Risk factors for cerebral edema in children with diabetic ketoacidosis

Introduction

Diabetic ketoacidosis occurs in 25 to 40 percent of children with newly diagnosed type 1 diabetes mellitus and may later recur in association with illness or noncompliance with treatment. Clinically apparent cerebral edema occurs in approximately 1 percent of episodes of diabetic ketoacidosis in children and is associated with a mortality rate of 40 to 90 percent. Cerebral edema is responsible for 50 to 60 percent of diabetes-related deaths in children.

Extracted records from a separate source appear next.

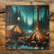 Camping themed puzzle. An ai illustration of a camp site by a lake and pine trees with a campfire burning and pretty white fairy lights strung about the trees.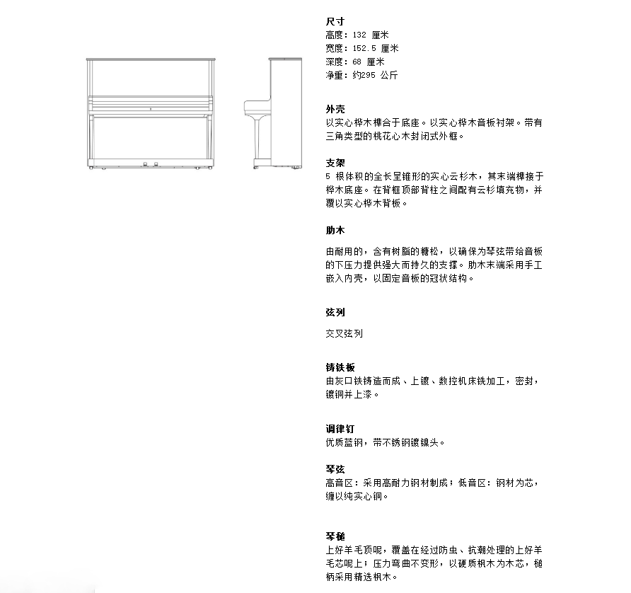 型号:K-132型号类型:立式钢琴系列:演奏级系列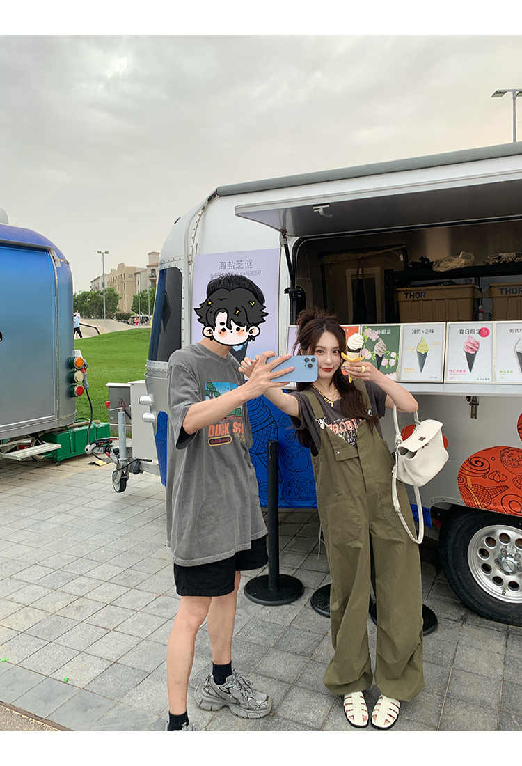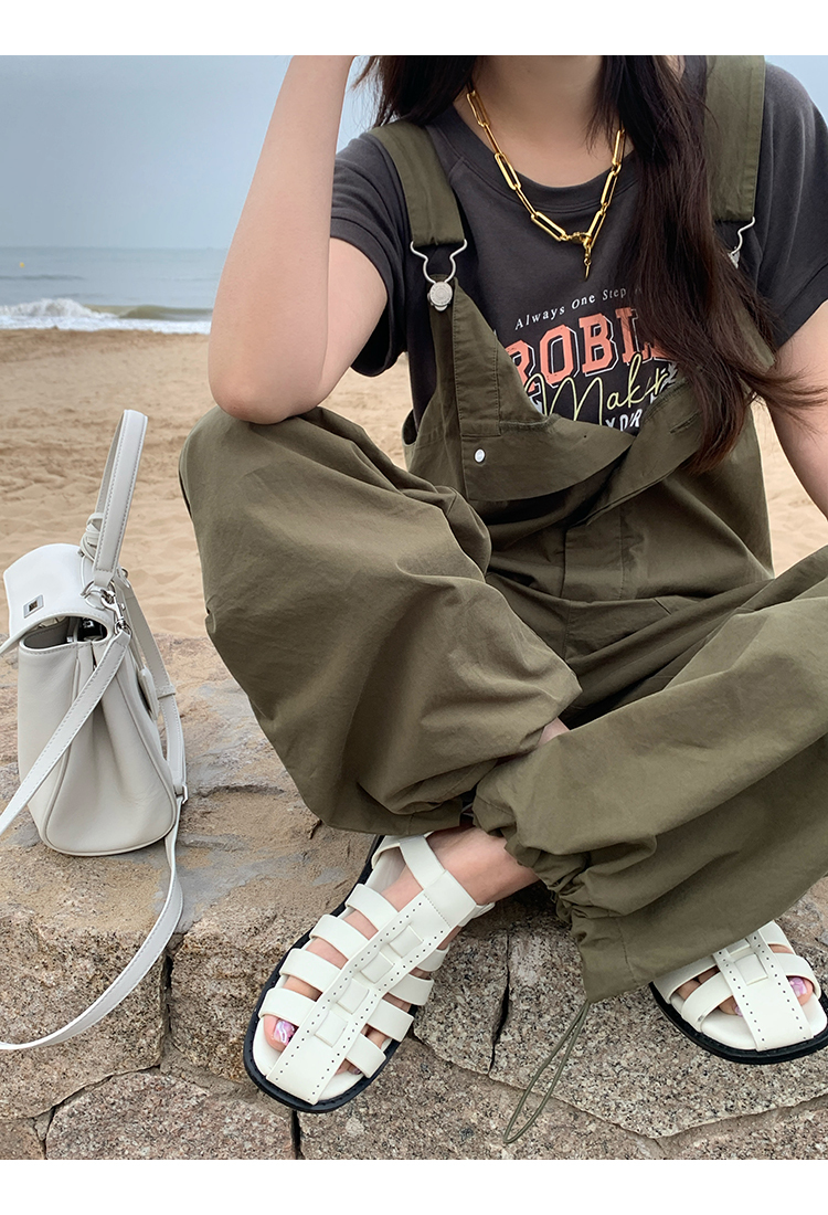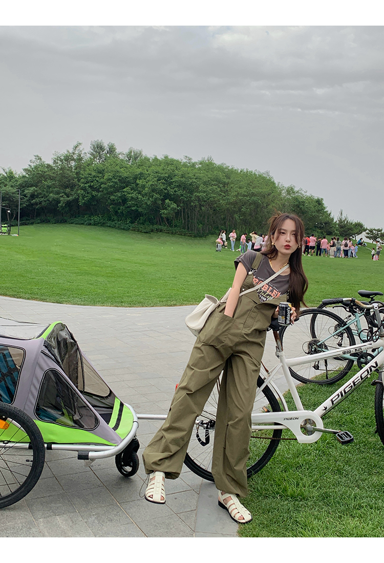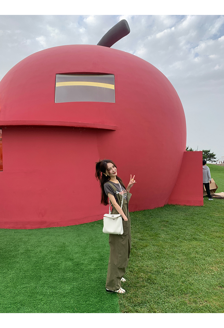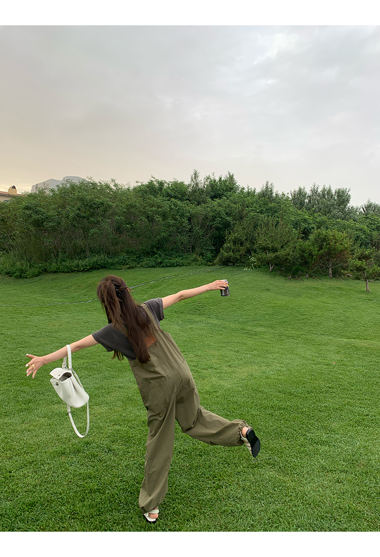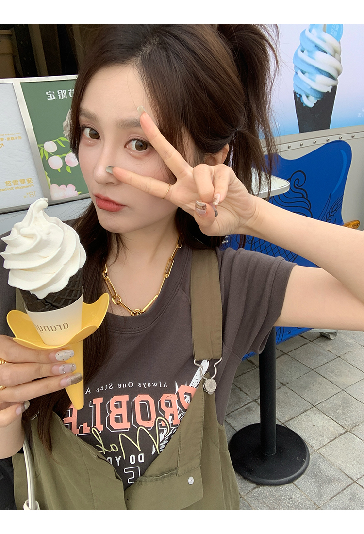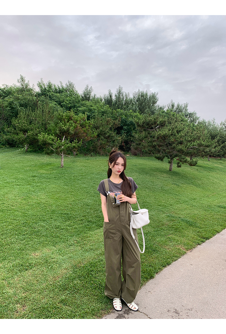 *o-ha-you*【FMQK2041073】無班味休閒套組螺紋棉感短袖印花T恤/精梳砂洗棉工裝收口背帶褲

The pathophysiologic mechanism underlying the cerebral edema associated with diabetic ketoacidosis is controversial. In this case–control study of children with diabetic ketoacidosis, researchers evaluated the associations between cerebral edema and the following factors: demographic characteristics and initial biochemical characteristics, therapeutic interventions, and changes in biochemical values during treatment.

Methods of evaluation

Various studies on Subjects

Cerebral-Edema Group

Researchers identified all the children in whom cerebral edema related to diabetic ketoacidosis developed between 1982 and 1997 at any of 10 pediatric centers. To identify these children, the records of all the children who had been admitted because of diabetic ketoacidosis and whose records indicated that they had had cerebral edema, cerebral infarction, coma, seizures, or death, or that they had undergone computed tomographic scanning, magnetic resonance imaging, intubation, or treatment with mannitol were reviewed. The records of all children who died at 10 centers during the study period were also reviewed to ensure that no cases of cerebral edema related to diabetic ketoacidosis had been missed.

To be included in the study, children identified as having cerebral edema were required to meet all the following criteria: the presence of diabetic ketoacidosis (defined as a serum glucose concentration >300 mg per deciliter [16.7 mmol per liter], a venous pH <7.25 or a serum bicarbonate concentration <15 mmol per liter, and the presence of ketones [acetoacetate] in the urine); alteration in mental status (obtundation or disorientation); and either radiographically or pathologically confirmed cerebral edema or specific treatment for cerebral edema (hyperosmolar therapy or controlled hyperventilation) that was followed by clinical improvement.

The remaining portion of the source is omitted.